= Given data =

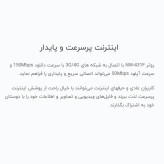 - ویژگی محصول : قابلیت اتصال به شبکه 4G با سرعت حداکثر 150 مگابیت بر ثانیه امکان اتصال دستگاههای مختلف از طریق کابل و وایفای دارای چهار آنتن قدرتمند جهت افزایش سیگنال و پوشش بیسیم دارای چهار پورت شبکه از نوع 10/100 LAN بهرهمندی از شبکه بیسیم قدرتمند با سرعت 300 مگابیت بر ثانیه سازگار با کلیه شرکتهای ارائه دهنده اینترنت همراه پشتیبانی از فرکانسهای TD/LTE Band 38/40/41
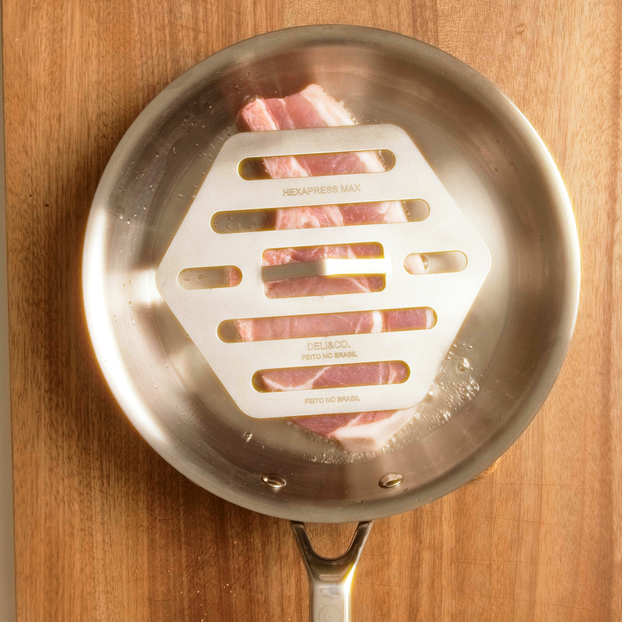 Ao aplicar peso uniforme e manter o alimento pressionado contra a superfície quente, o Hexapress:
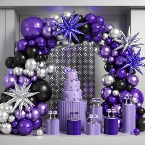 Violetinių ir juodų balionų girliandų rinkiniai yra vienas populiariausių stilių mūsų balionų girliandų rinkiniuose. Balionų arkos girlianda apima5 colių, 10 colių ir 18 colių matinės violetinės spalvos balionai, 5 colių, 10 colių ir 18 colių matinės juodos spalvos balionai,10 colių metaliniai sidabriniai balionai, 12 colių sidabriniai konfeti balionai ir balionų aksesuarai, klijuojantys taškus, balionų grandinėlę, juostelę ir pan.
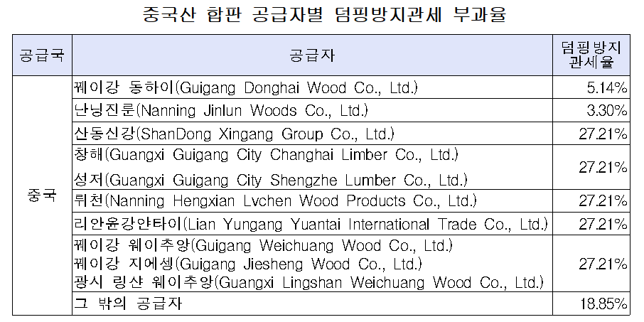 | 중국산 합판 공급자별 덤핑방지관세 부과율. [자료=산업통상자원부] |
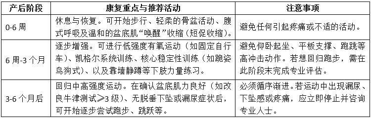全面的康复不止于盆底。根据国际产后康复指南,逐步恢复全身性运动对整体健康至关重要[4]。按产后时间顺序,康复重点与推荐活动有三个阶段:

= What you need to do =
Your answer should be the lines from the opening of the records through the line with "Ao aplicar peso", both ends retyped exactly and pictures left out.

= Answer space =
 - ویژگی محصول : قابلیت اتصال به شبکه 4G با سرعت حداکثر 150 مگابیت بر ثانیه امکان اتصال دستگاههای مختلف از طریق کابل و وایفای دارای چهار آنتن قدرتمند جهت افزایش سیگنال و پوشش بیسیم دارای چهار پورت شبکه از نوع 10/100 LAN بهرهمندی از شبکه بیسیم قدرتمند با سرعت 300 مگابیت بر ثانیه سازگار با کلیه شرکتهای ارائه دهنده اینترنت همراه پشتیبانی از فرکانسهای TD/LTE Band 38/40/41
 Ao aplicar peso uniforme e manter o alimento pressionado contra a superfície quente, o Hexapress:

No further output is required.